You think I’m amazing now.. you shoulda seen me at 16

Well no.. you probably wouldn’t have wanted to see me. I was fat and hairy, wore ugly clothing, and was probably one of those uncomfortably uncomfortable guys in the room. You know those people that you wish would just relax cause they’re making you feel uncomfortable and guilty cause you know that you’re the one they’re uncomfortable being around? I was that guy.

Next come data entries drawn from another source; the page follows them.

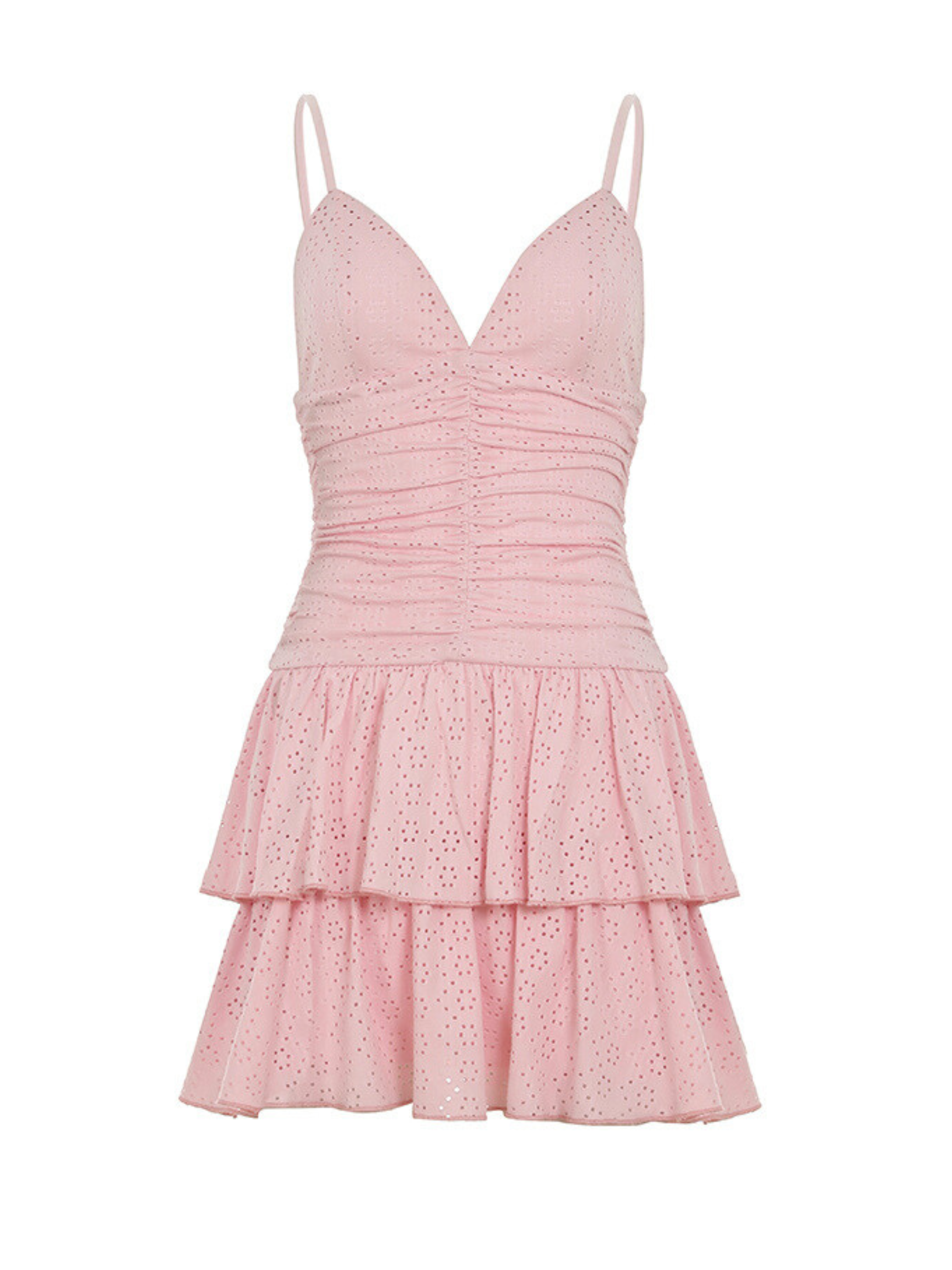 Turn heads in the Miarose Eyelet Ruffle Mini Dress. a flirty and feminine piece that combines delicate texture with a playful silhouette. Made in a soft pink hue. this dress features a ruched bodice with a deep V neckline and adjustable spaghetti straps for a flattering fit. The tiered ruffle hem adds volume and movement. making it perfect for brunch dates. rooftop evenings. or summertime strolls.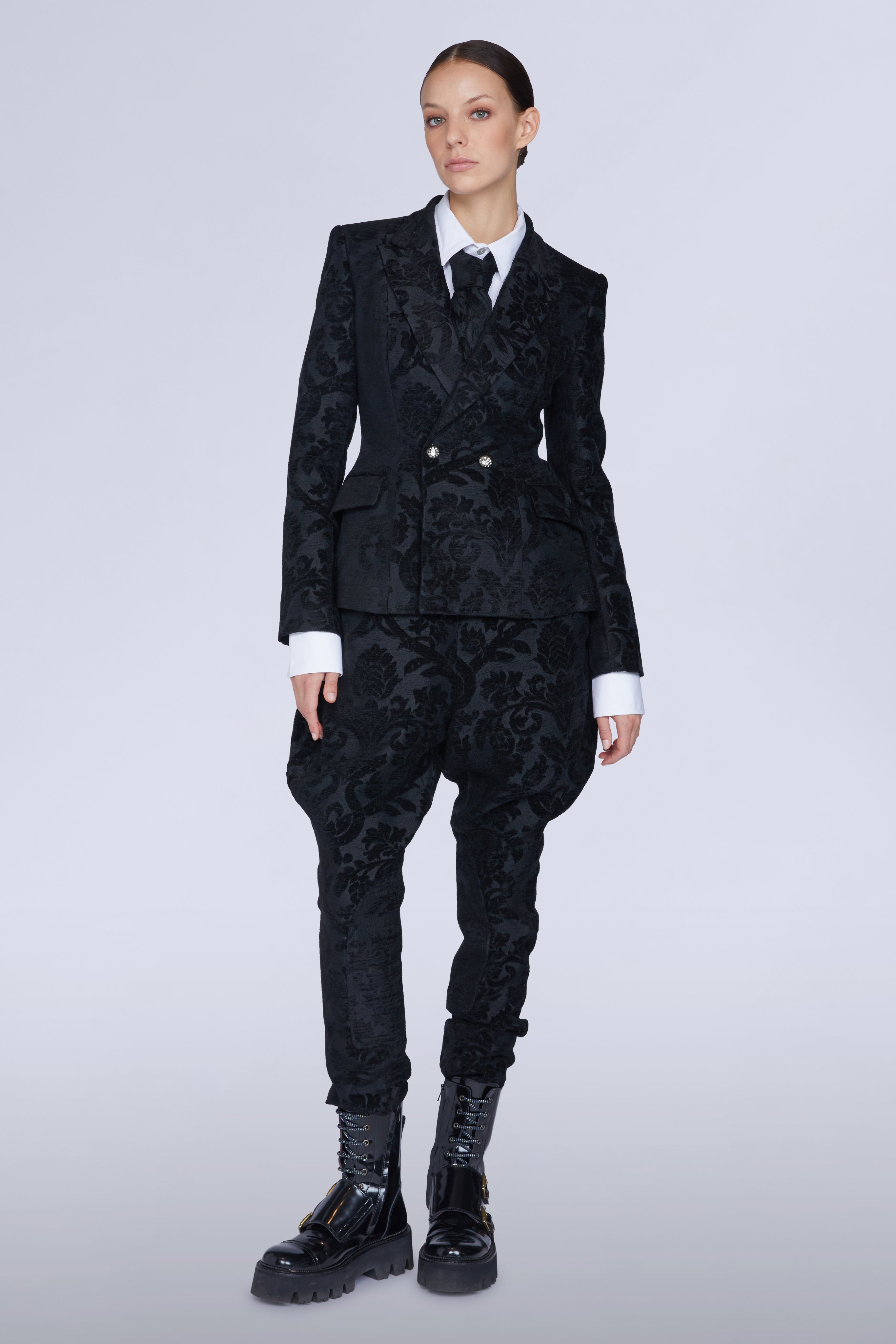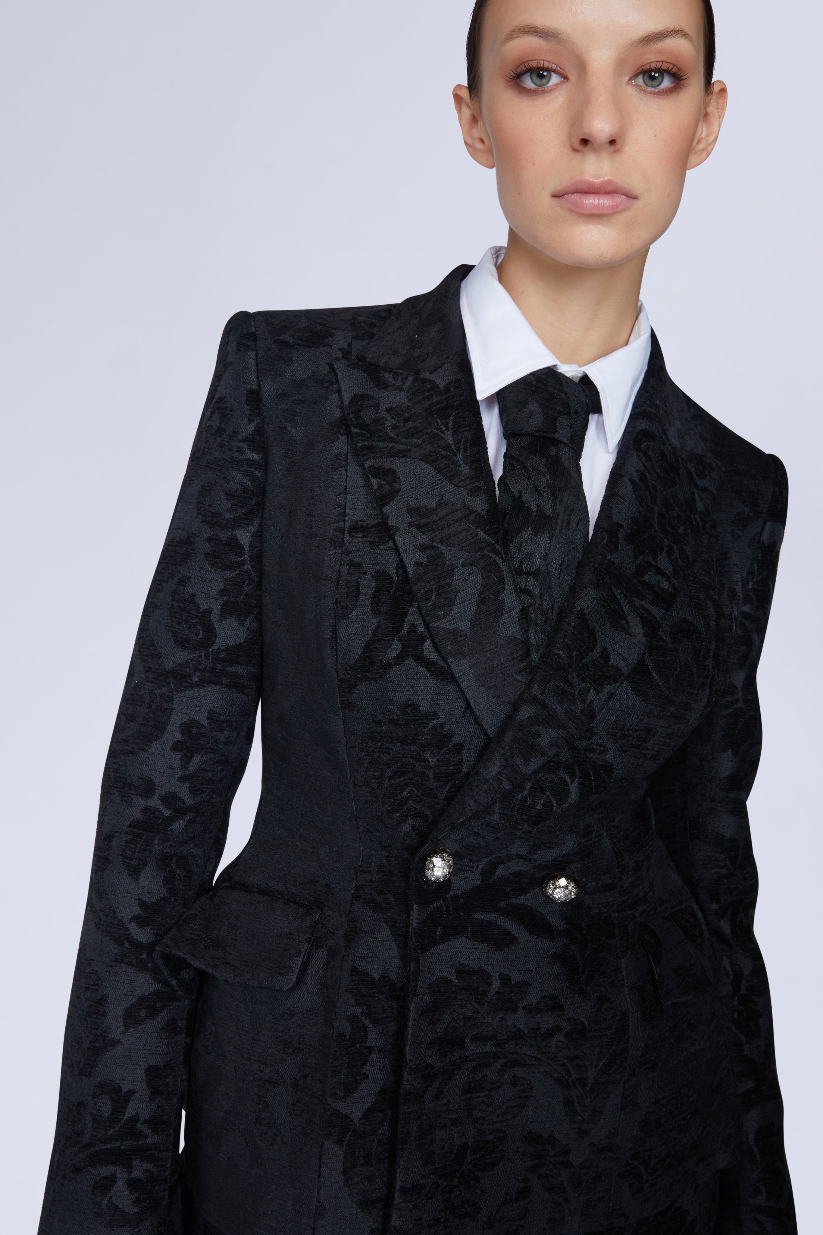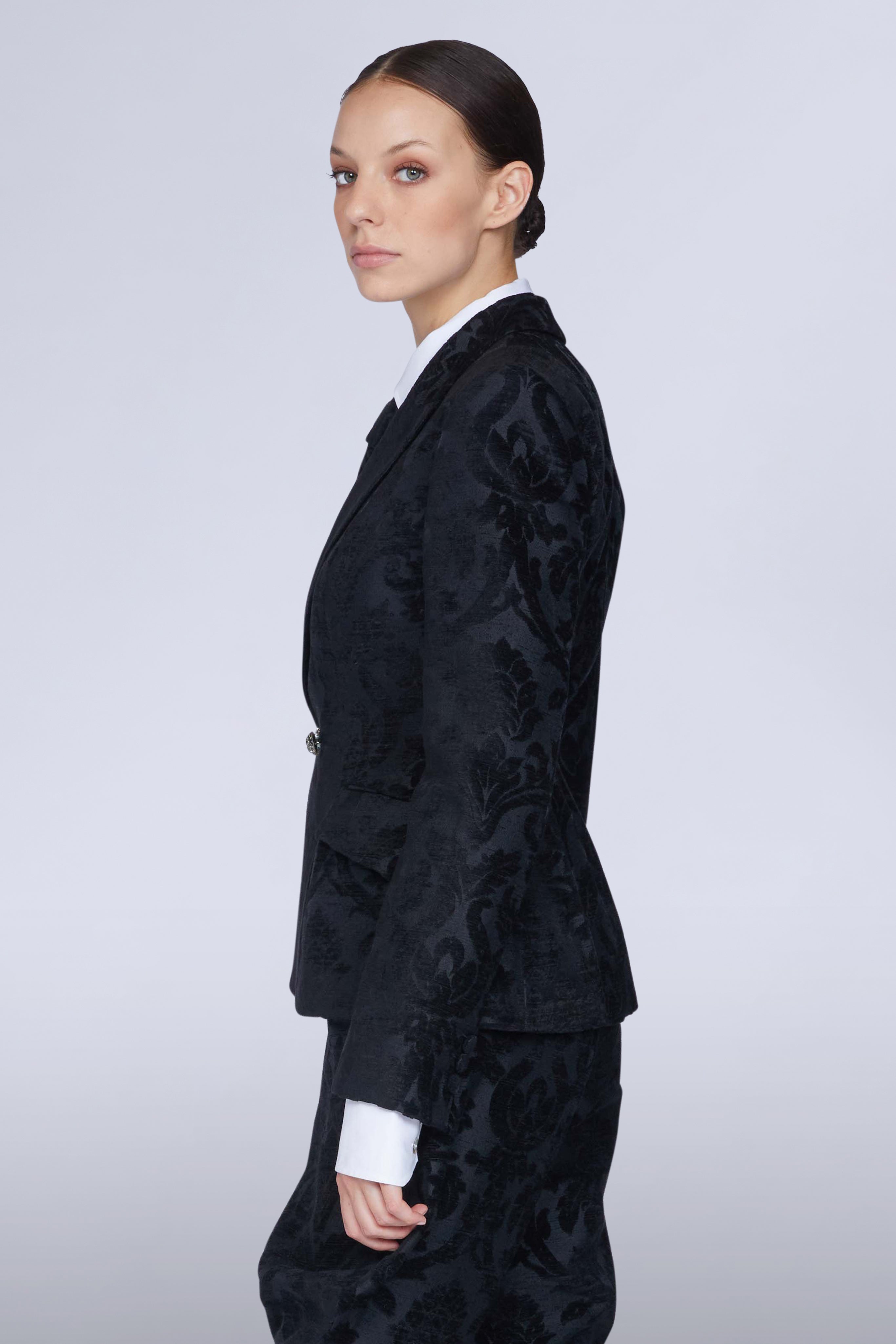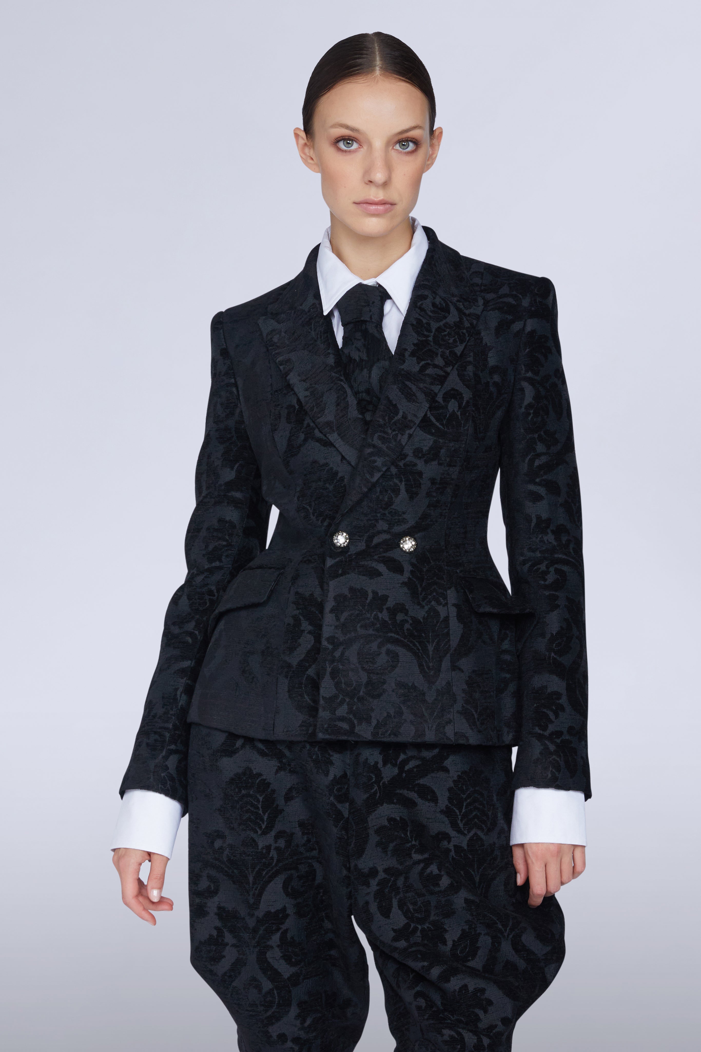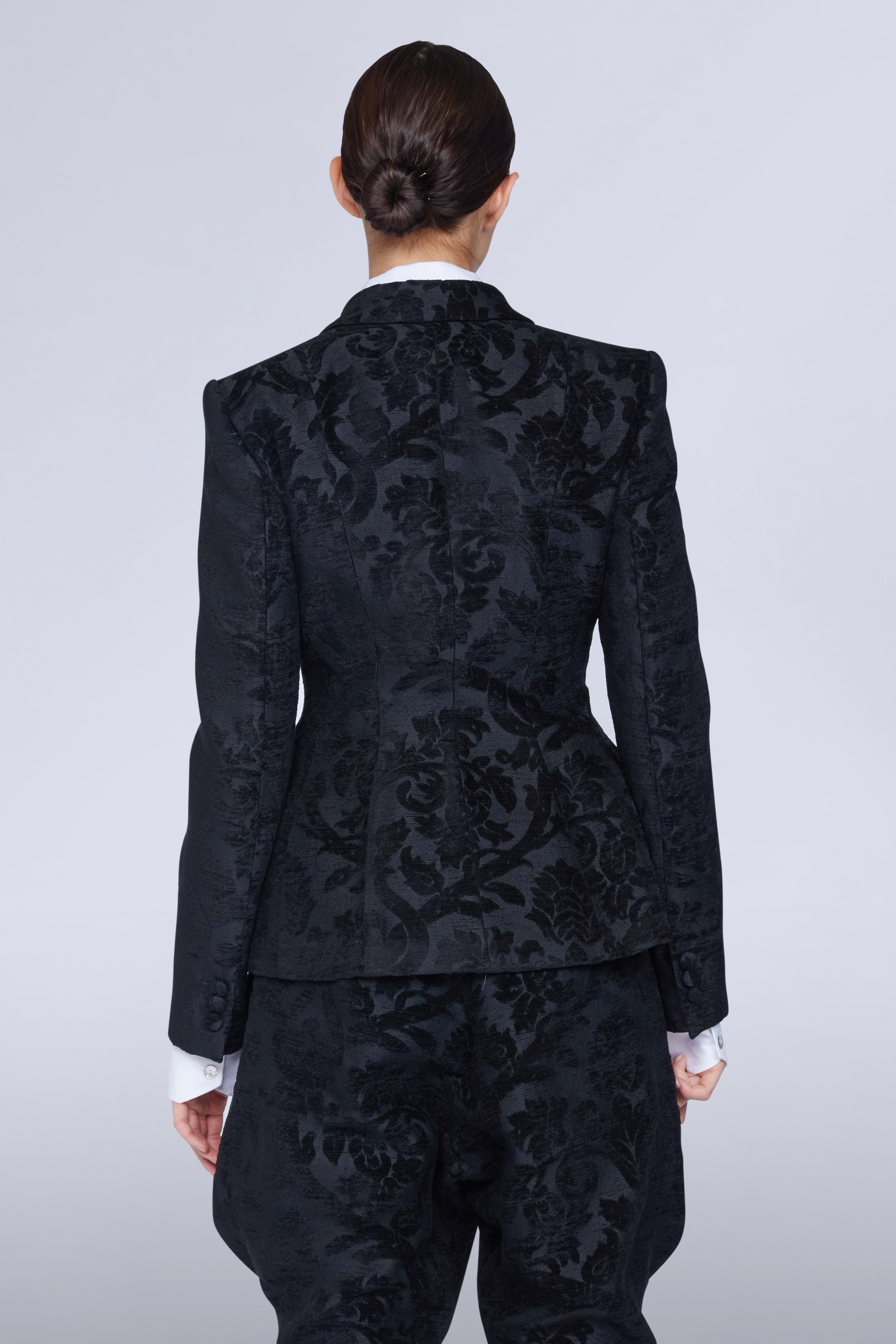 The Nobel jacket is tailored in Italy and constucted into a retro silhouette due to its clinched waist and voluminous hem. A statement piece to wear over black tailored pants for an effortlessely chic and luxurious look.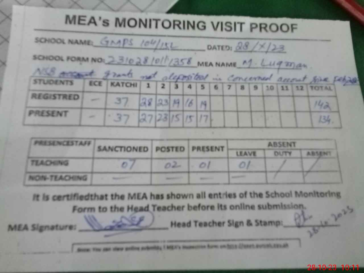 | Attendance Register | Head Teacher | MEA with School | Visit Proof |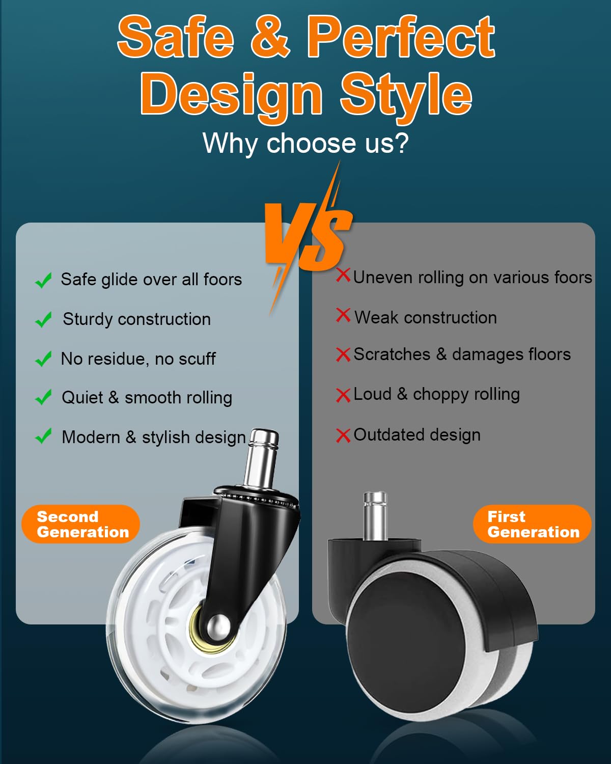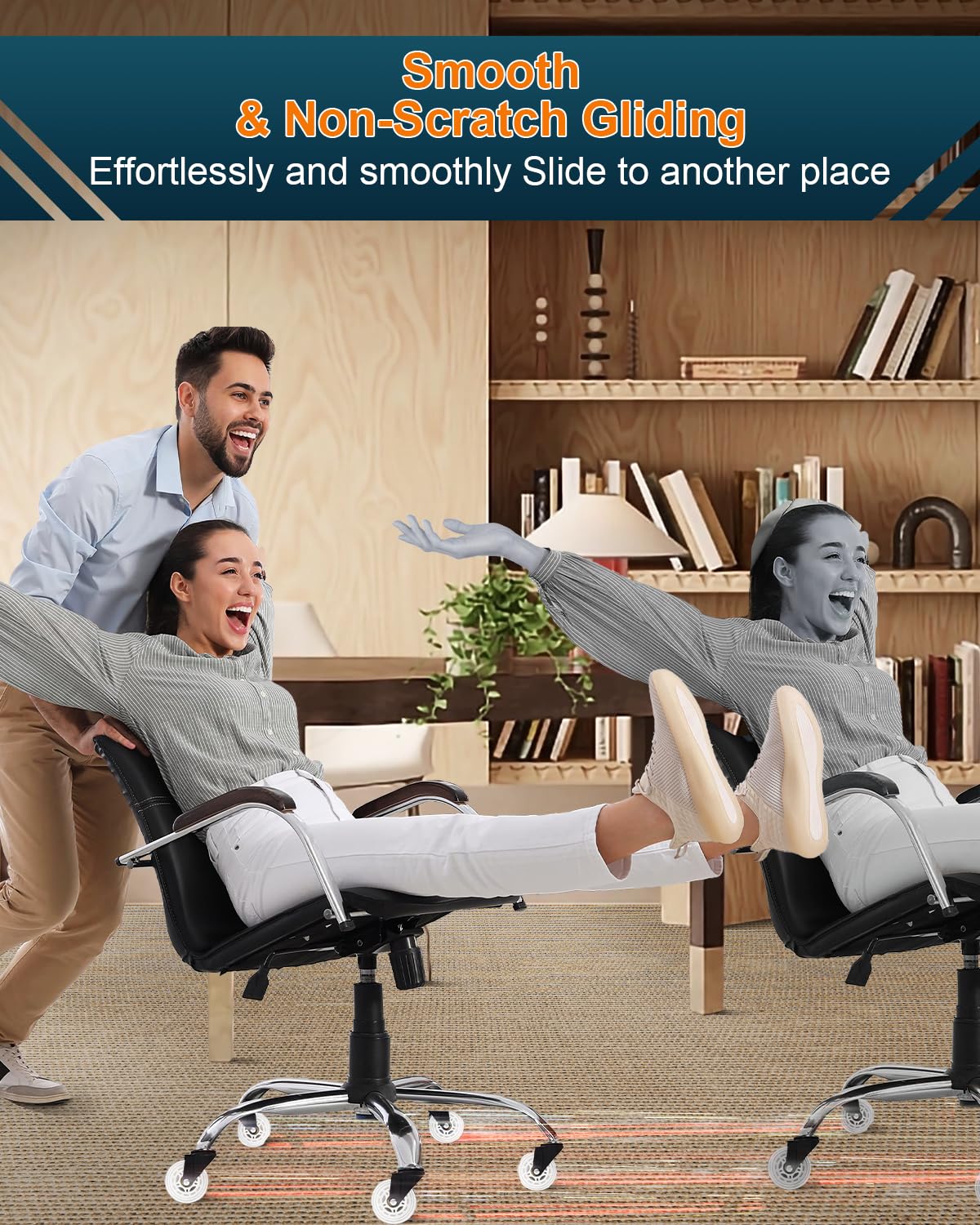 Perfect Design Style: Our office chair wheels feature an upgraded single-wheel design rather than a double-row configuration. The single-wheel design not only enhances the aesthetic appeal of the office chair but also provides a more even weight distribution on each wheel, thereby improving the chair's stability. It’s an ideal choice for office chairs

BUT. You would’ve liked to talk to me online. Or read some of my HS papers or poems. I was pretty friggin amazing. I didn’t know it then. I know it now, cause I know what amazing truly is, personally. And I wish that I could go back to me when I was in HS and tell myself that looking as good as I do now and feeling as good as I do now comes with a price. The price of losing that depressive artistic edge. Although, knowing me as I was back then, I’d have accepted that price. That’s cause, as smart as I was back then, I was an idiot in a lot of ways too.
I’m glad I’m smarter now.
You ever have those fantasies where you would go back to some earlier you and talk to yourself? What did you imagine you’d do? Would you try to give advice? Assurances?
I always imagined that I’d say to myself, “Kid.. it ain’t gonna get any better but you sure as hell will feel like it has. And that’s all that matters.” And then maybe take me out to IHOP or something and get my fat ass fatter.